Merdeka.com - Perkumpulan untuk Pemilu dan Demokrasi (Perludem) merilis hasil temuan riset terkait sejumlah gangguan yang kerap diterima bagi para pemilih terhadap hak memilih (voter suppression) saat dimulainya kontestasi pemilu maupun pilkada.
Peneliti Perludem, Mahardhika menyebut dari hasil risetnya sampai saat ini ditemukan setidaknya ada tiga kategori gangguan bagi pemilih. Pertama yakni, diskriminasi dalam regulasi kepada para pemilih.

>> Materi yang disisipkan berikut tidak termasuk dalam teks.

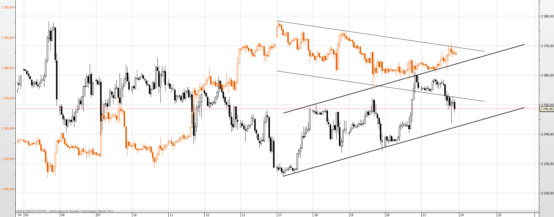Wykres 2: Złoto oraz kontrakt CFD na SP500, interwał 1-godzinowy

"Kepemilikan KTP elektronik sebagai syarat pemilih. Kita bisa simpulkan dari putusan MK bahwa kepemilikan KTP elektronik adalah syarat mutlak, syarat administrasi seseorang untuk bisa memilih, penggantinya hanyalah suket," kata Dhika saat sesi webinar yang digelar Perludem, Kamis (23/9).
Oleh karena itu, Dhika mengidentifikasi masih ada potensi seseorang mengalami gangguan hak pilih secara sistem karena tidak tercatat dalam KTP elektronik yang bisa dialami oleh masyarakat adat atau transperempuan.

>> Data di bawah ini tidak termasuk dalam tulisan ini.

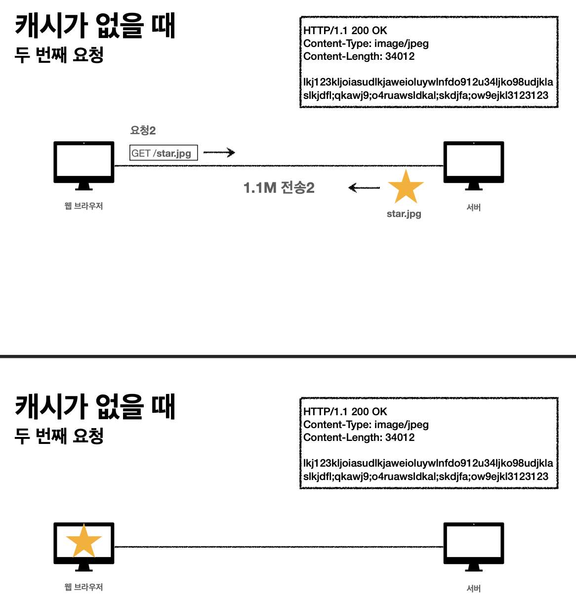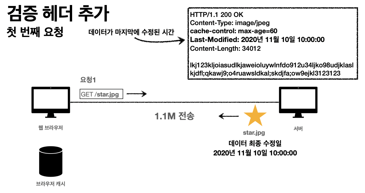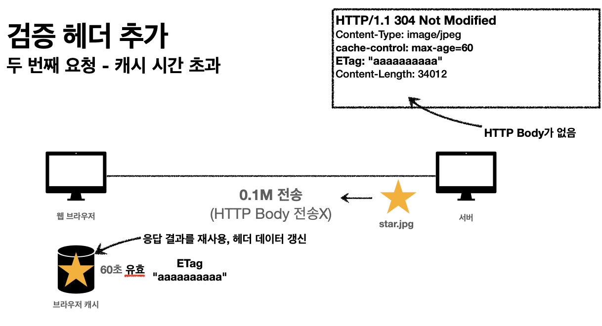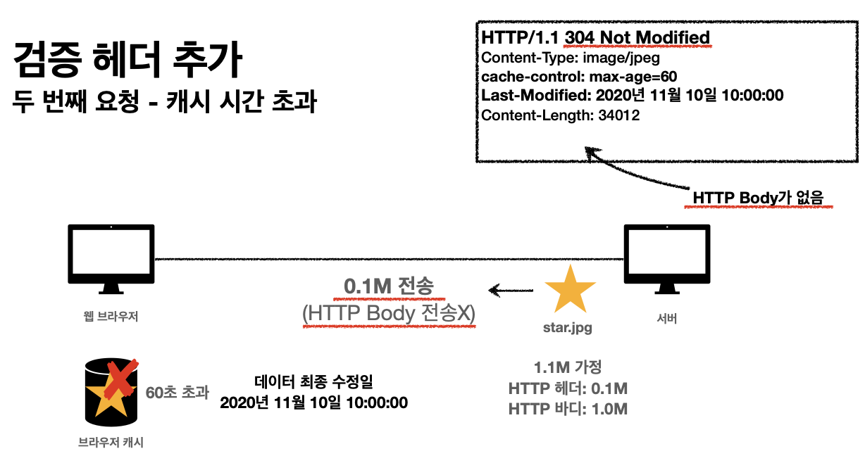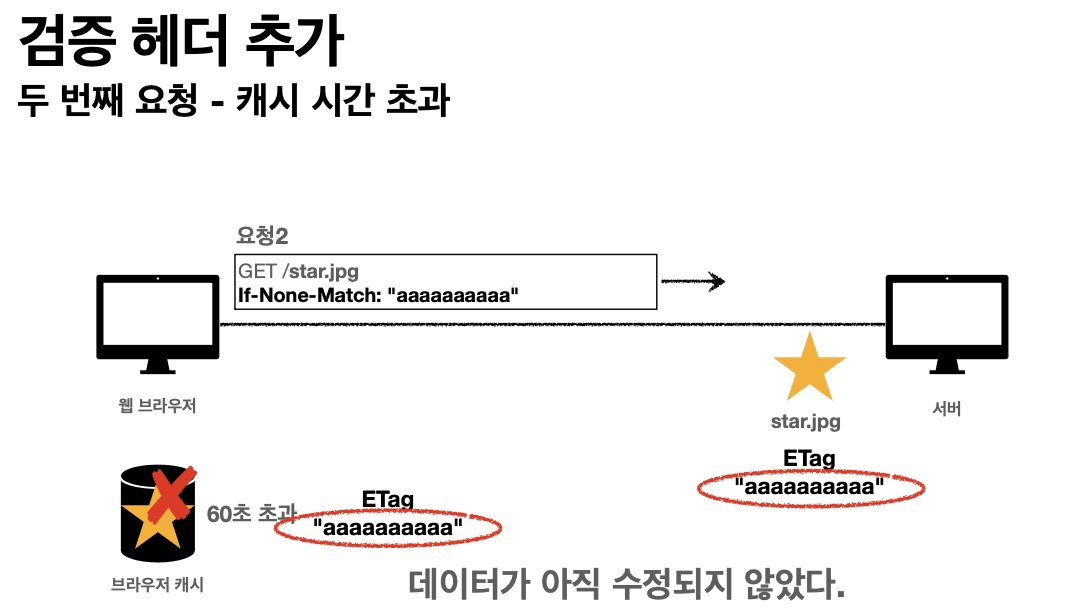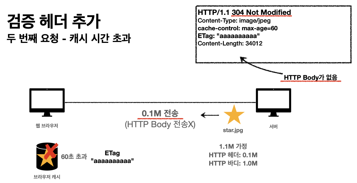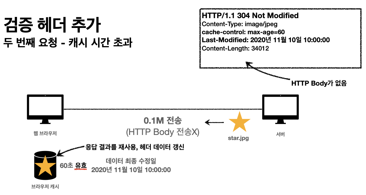 - 캐시 유효 시간이 초과해도, 서버의 데이터가 갱신되지 않으면 304 Not Modified + 헤더 메타 정보만 응답한다. (바디X)

Selain itu terkait gangguan regulasi lainnya, yaitu, persyaratan bagi pemilih yang alami gangguan jiwa maupun ingatannya sebagai syarat terdaftar sebagai pemilih. Dan keterbatasan pengaturan pindah memilih dan metode pemungutan suara khusus.
Kemudian kategori kedua yaitu intimidasi dan pengusikan bagi hak memilih. Dhika menyebut kalau hak ini kerap diterima kelompok minoritas. Dengan pengaruh yang berkaitan terhadap kuasa untuk menekan seseorang agar memilih atau tidak memilih.

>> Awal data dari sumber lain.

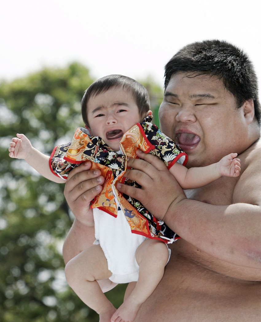 Nagi debeli snažni muškarci sa pojasom oko struka i komadom tkanine preko genitalija mogu prilično zastrašujuće izgledati mnogima od nas. Onda možete zamisliti kako tek bebe reaguju kad ih u ruke uzmu ovi džinovi. Na japanskom festivalu Konaki Sumo, sumo rvači drže bebe okrenute jedna drugoj. Pobednik je ona beba koja prva počne da plače. Ova ceremonija korene nalazi u japanskoj poslovici „bebe koje plaču brzo rastu“. Krici, suze i jecaji ovom prilikom predstavljaju blagoslov za dobro zdravlje.

"Kalau di pemilu 2019 kami menemukan isu-isu agama, isu etnis sering dimainkan. Dan dianggap sebagai faktor yang penting dalam pemilu karena bisa menentukan kemenangan," ujarnya.
Intimidasi, lanjut Dhika, juga ditemukan terhadap para pekerja pabrik yang turut tidak hanya mendapat ancaman fisik, tetapi juga mendapat ancaman ekonomi seperti ancaman penghilangan pekerjaan, penghasilan, atau shift kerja, atau kehilangan jabatan.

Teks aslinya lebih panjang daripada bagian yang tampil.